Daylight streamed in behind him, enough for him to see the vastness of the space—of the wide, open belly of the cave. His gaze moved to a stalagmite in the distance: a formation shaped like a jellyfish, with dripping, melting tendrils. From where he stood, it looked small and only fifty yards off. It was actually many times his height and a hundred yards away. He knew, because he’d shot arrows at it from there. He and Brooke had. A year ago, he’d stood in the same spot with her while Roar whooped loudly, laughing at the way the sound echoed, and Liv wandered off, exploring the deeper reaches of the cave.

Reef and Cinder stood in silence beside him, eyes wide and scanning, glinting in the low light. He wondered if they could see what he saw.

Perry cleared his throat. It was time for him to explain. To justify something he hated and didn’t want to admit.

“We need a place to go if we lose the compound. I won’t wander the borderlands with the tribe, searching for food, for shelter from the Aether. This is big enough to fit us all.... There are tunnels that lead to other caverns. And it’s defensible. It won’t burn. We can fish from the cove, and there’s a freshwater source inside.”

Every word that came out of him felt like an effort. He didn’t want to say any of this. He didn’t want to bring his people underground, to this dark place. To live like the ghostlike creatures from the deep sea.

Reef looked at him for a long moment. “You think it will come to this.”

Perry nodded. “You know the borderlands better than I do. You think I want to take River and Willow out there?”

He pictured it. Three hundred people under an open, roiling sky, surrounded by fires and bands of dispersed. He imagined the Croven—cannibals in black capes and crow masks—surrounding them like they were a herd and picking them off one by one. He wouldn’t let it happen.

Cinder shifted his weight, watching them silently.

“We have to be prepared for the worst,” Perry continued, his voice echoing in the cavern. He wondered how it would be with hundreds of voices in there.

Reef shook his head. “I don’t see how you’re going to do this. It’s … a cave.”

“I’ll find a way.”

“This isn’t a solution, Perry.”

“I know.” It was a last resort. Coming there would be like standing on the prow of a ship as it sank. It wasn’t the answer. The answer would have to come with Roar and Aria. But this would buy time as the waters rose.

“I wore a chain once,” Reef said, after a long moment. “Much like yours.”

Surprise moved through Perry. Reef had been a Blood Lord? He had never said anything, but Perry should’ve seen it. Reef was so determined to teach him, to keep him from failing.

“It was years ago. A different time than this. But I know something of what you’re facing. I’m behind you, Peregrine. I would be, even without having sworn an oath to you. But the tribe will resist this.”

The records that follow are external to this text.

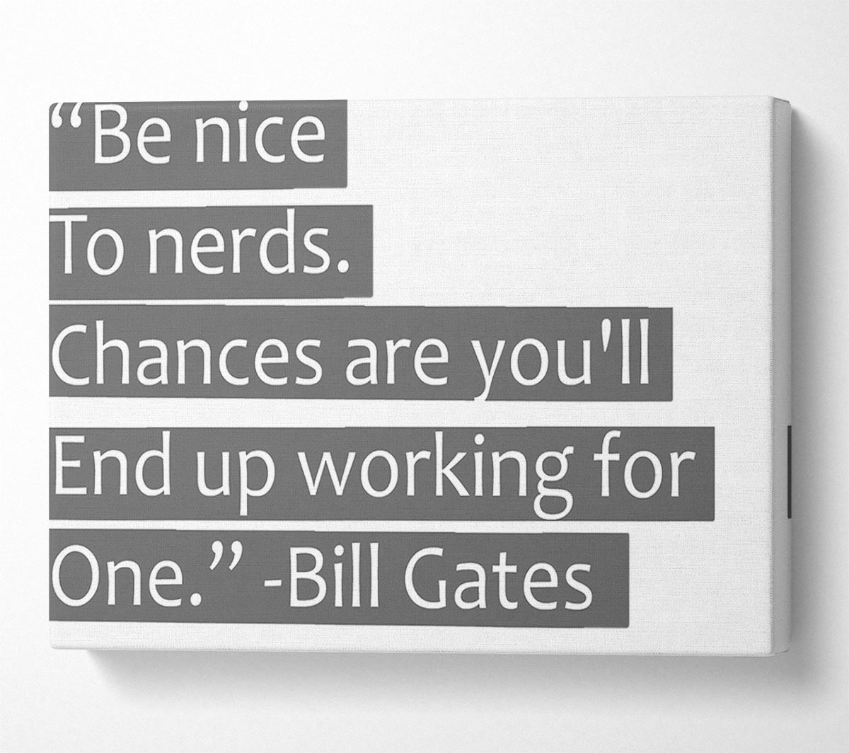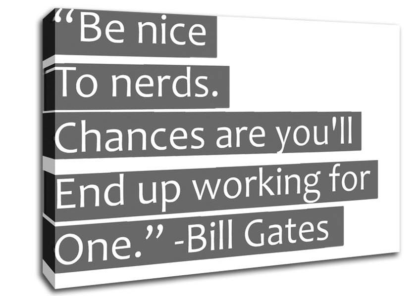 Funny Quote Bill Gates Be Nice To Nerds Grey Canvas Print handmade in the UK. Stretched over a 2 inch thick wooden box frame, ready to hang on your wall.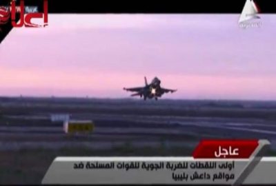 «أذاعت القوات المسلحة أول مشاهد الغارة الجوية التي شنتها الطائرات الجوية ضد معاقل تمركز «داعش» في ليبيا، وذلك بعد مقتل 21 مصرياً على أيدي مسلحي داعش.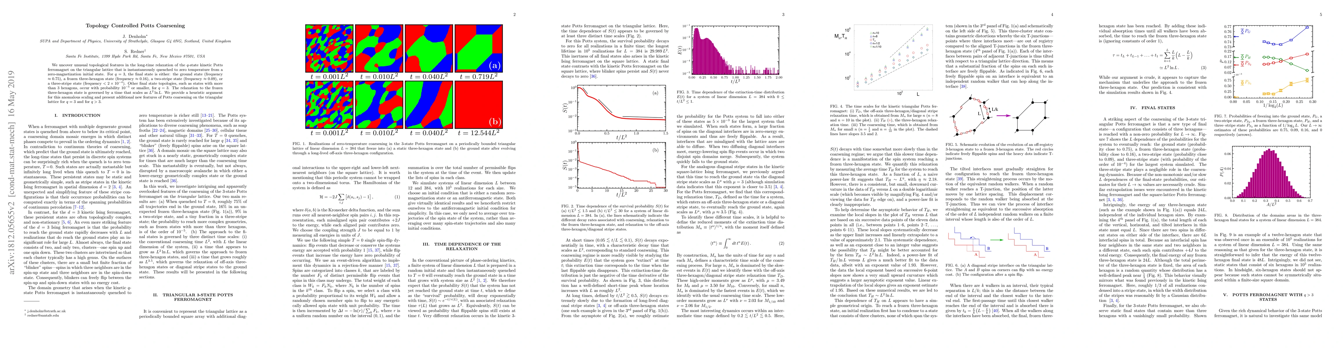 Understanding the topological features and relaxation dynamics of the Potts ferromagnet on various lattices contributes to the broader field of statistical physics, particularly in the study of phase transitions and coarsening processes.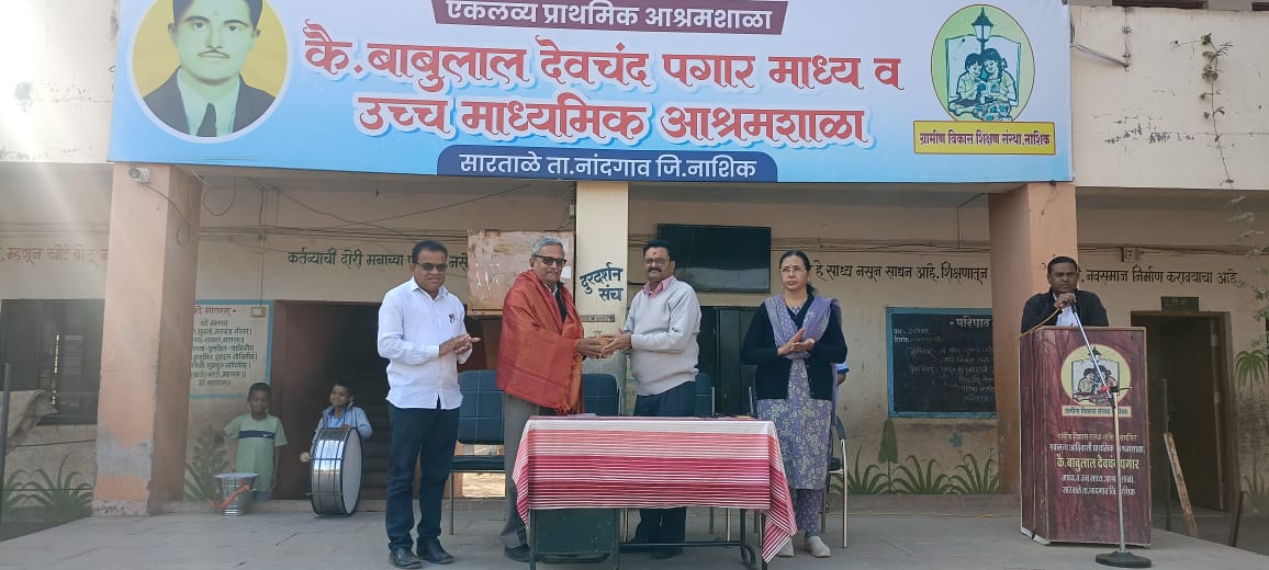 सरताळे(साकोरा)ता. नांदगाव येथे आज संस्था सरचिटणीस रमेश अप्पासाहेब पगार व संस्था कोषाध्यक्षा तथा आश्रम शाळा मुख्याध्यापिका श्रीमती नम्रता शेवाळे मॅडम व प्राचार्य समाधान चौधरी यांच्या प्रमुख उपस्थितीत श्रीपाद टाकळकर साहेब छत्रपती संभाजी नगर यांनी आपल्या उदबोधन वर्गात आश्रम शाळेच्या विद्यार्थ्यांना आजच्या विज्ञान, तंत्रज्ञाना च्या स्पर्धात्मक युगात स्वतःला सिद्ध करण्याचे आव्हान करीत मोबाईल सारख्या अत्याधुनिक इलेक्ट्रॉनिक डिव्हाईसचा सकारात्मक उपयोगाचे फायदे नमुद केलेत. गुणवत्ता पुर्ण शिक्षण आणि क्रियाशील विद्यार्थिच स्वतःच भविष्य घडवु शकतो असे सांगत अंगीभूत क्रिया कौशल्याचा सर्वोतम विकास करणाचे आव्हान केले तर संस्था सरचिटणीस अप्पासाहेब पगार यांनी विद्यार्थी हा जिज्ञासु असावा आणि विद्यार्थ्यांची जिज्ञासा आणि प्रयत्नचं त्यास अंतिम ध्येय्य पुर्तीस मदत करतात असे प्रतिपादन केले.सदर कर्यक्रम प्रास्ताविक प्राचार्य समाधान चौधरी सर यांनी मांडले तर सूत्रसंचालन अशोक पाटील सर यांनी सांभाळेल. आभार प्रदर्शनाने कार्यक्रम सांगता करण्यात आली. कार्यक्रम यशस्वीतेसाठी सर्व शिक्षक, अधीक्षक, अधिक्षिका व शिक्षकेत्तर कर्मचाऱ्यांनी विशेष प्रयत्न केलेत.

Perry knew that too. It was the reason he’d brought Cinder. “Give us a few minutes,” he told Reef.

Reef nodded. “I’ll be right outside.”

“Did I do something wrong?” Cinder asked when Reef had left them.

“No. You didn’t.”

Cinder’s scowl faded. “Oh.”

“I know you don’t want to talk about yourself,” Perry said. “I understand that. Pretty well, actually. And I wouldn’t ask you unless I had to. But I do have to.” He shifted his weight, wishing he didn’t have to press. “Cinder, I need to know what you can do with the Aether. Can you tell me what to expect? Can you keep it away? I have to know if there’s any alternative—any way at all to avoid this.”

Cinder was still for a moment. Then he took his cap off and slipped it through his belt. He walked deeper into the cave and turned, facing Perry. The veins at his neck took on the glow of the Aether, which seeped up over his face like water snaking through a dry river. His hands came alive. His eyes became bright blue points in the darkness.

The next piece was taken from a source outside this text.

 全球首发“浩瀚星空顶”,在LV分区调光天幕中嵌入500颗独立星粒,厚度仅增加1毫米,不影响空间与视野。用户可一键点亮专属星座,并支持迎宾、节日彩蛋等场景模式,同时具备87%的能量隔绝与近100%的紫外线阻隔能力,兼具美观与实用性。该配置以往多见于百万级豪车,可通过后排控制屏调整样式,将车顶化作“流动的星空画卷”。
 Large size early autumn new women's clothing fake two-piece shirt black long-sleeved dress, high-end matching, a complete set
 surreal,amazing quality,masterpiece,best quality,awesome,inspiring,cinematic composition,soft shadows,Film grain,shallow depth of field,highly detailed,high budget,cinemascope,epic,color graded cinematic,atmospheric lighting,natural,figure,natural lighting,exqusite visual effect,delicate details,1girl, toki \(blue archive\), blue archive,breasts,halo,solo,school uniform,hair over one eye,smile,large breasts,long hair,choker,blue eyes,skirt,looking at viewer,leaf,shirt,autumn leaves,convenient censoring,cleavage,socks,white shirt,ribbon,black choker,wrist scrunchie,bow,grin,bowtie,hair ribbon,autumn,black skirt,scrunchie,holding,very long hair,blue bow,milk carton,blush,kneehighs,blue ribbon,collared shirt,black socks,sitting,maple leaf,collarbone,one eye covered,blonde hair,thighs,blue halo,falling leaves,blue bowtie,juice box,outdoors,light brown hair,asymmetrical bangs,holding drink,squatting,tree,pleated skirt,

Aether burned in the back of Perry’s nose, and his heart raced. Then, as gradually as it had brightened, the glow in Cinder’s veins faded away, the sting receding, leaving just a boy, standing there again.

Cinder pulled on his cap back, tugging it down and brushing wisps of straw-colored hair away from his eyes. Then he went still and watched Perry for a few moments, his gaze direct and open, before he spoke at last.

“It’s harder to reach it in here,” he said. “I can’t call it as easily as when I’m outside, right under it.”